Osman Abdelhady, Lee Seung Heyck, Noori Mateen, Al-Jaishi Melissa, Gallo Kerri, Harwood Lori, Moist Louise
Schulich School of Medicine & Dentistry, Western University, London, ON, Canada.
Faculty of Medicine, University of Ottawa, ON, Canada.
Can J Kidney Health Dis. 2024 Oct 28;11:20543581241293192. doi: 10.1177/20543581241293192. eCollection 2024.
The COVID-19 pandemic notably disrupted care for patients with chronic kidney disease (CKD) care, necessitating a rapid shift to telemedicine. Despite the growing use of telemedicine, the impact of this transition on patients' experiences, particularly in Canada and considering sociocultural factors, remains underexplored. This study aims to investigate patients with CKD perspectives on telemedicine versus in-person care and to offer recommendations for enhancing telemedicine services.
The objective was to understand patients with CKD views on telemedicine clinics during the pandemic compared to traditional in-person clinics.

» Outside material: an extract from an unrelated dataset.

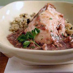 4) 把雞肉乳腺那邊朝上放入鍋中,蓋上鍋蓋,燜煮15分鐘或直到雞肉等做醬略厚。加入香菜,醋,鹽,黑胡椒。倒在米飯上即可食用。

This was a qualitative descriptive study employing semi-structured interviews.
This study was conducted in general nephrology and multidisciplinary kidney care clinics in London, Canada.
The study population was English-speaking patients with CKD with at least one in-person nephrology visit before March 15, 2020, and one telemedicine appointment after March 30, 2020.
Interviews were conducted using a structured guide, with transcripts analyzed line-by-line by 3 independent reviewers through directed content analysis. Themes were identified and agreed upon through group consensus.
Interviews with 12 participants revealed 5 key themes: (1) convenience; (2) building connection and trust; (3) necessity of in-person care; (4) role of family or caregivers; and (5) preferences for clinic types. Most participants (11/12) valued the convenience of telemedicine, noting similar levels of care compared to in-person visits. However, they found it easier to establish personal connections in face-to-face appointments. Most (8/12) preferred in-person visits if their condition worsened. Overall, a combination of in-person and telemedicine was favored, with a preference for video over telephone.
The study's focus on one academic nephrology center in Ontario and predominantly white participants limits broader applicability. Additionally, recall bias may affect the findings due to the interview-based design.
Telemedicine will remain integral to CKD care, with a hybrid model combining in-person and telemedicine preferred. Integrating patient feedback into future telemedicine practices is essential to enhance flexibility, access, and patient satisfaction.
2019年冠状病毒病(COVID-19)大流行显著扰乱了慢性肾脏病(CKD)患者的护理,使得迅速转向远程医疗成为必要。尽管远程医疗的使用日益增加,但这种转变对患者体验的影响,尤其是在加拿大并考虑到社会文化因素,仍未得到充分探索。本研究旨在调查CKD患者对远程医疗与面对面护理的看法,并为改善远程医疗服务提供建议。
目的是了解大流行期间CKD患者对远程医疗诊所与传统面对面诊所的看法。
这是一项采用半结构化访谈的定性描述性研究。
本研究在加拿大伦敦的普通肾脏病学和多学科肾脏护理诊所进行。
研究对象为2020年3月15日前至少有一次面对面肾脏病学就诊且2020年3月30日后有一次远程医疗预约的讲英语的CKD患者。
使用结构化指南进行访谈,3名独立评审员通过定向内容分析逐行分析访谈记录。通过小组共识确定并认可主题。
对12名参与者的访谈揭示了5个关键主题:(1)便利性;(2)建立联系和信任;(3)面对面护理的必要性;(4)家庭或护理人员的作用;(5)对诊所类型的偏好。大多数参与者(11/12)重视远程医疗的便利性,指出与面对面就诊相比护理水平相似。然而,他们发现面对面预约更容易建立个人联系。如果病情恶化,大多数人(8/12)更喜欢面对面就诊。总体而言,倾向于将面对面和远程医疗相结合,更喜欢视频而非电话。
该研究对安大略省一个学术肾脏病学中心的关注以及主要为白人参与者限制了其更广泛的适用性。此外,由于基于访谈的设计,回忆偏差可能会影响研究结果。
远程医疗仍将是CKD护理不可或缺的一部分,更喜欢将面对面和远程医疗相结合的混合模式。将患者反馈纳入未来的远程医疗实践对于提高灵活性、可及性和患者满意度至关重要。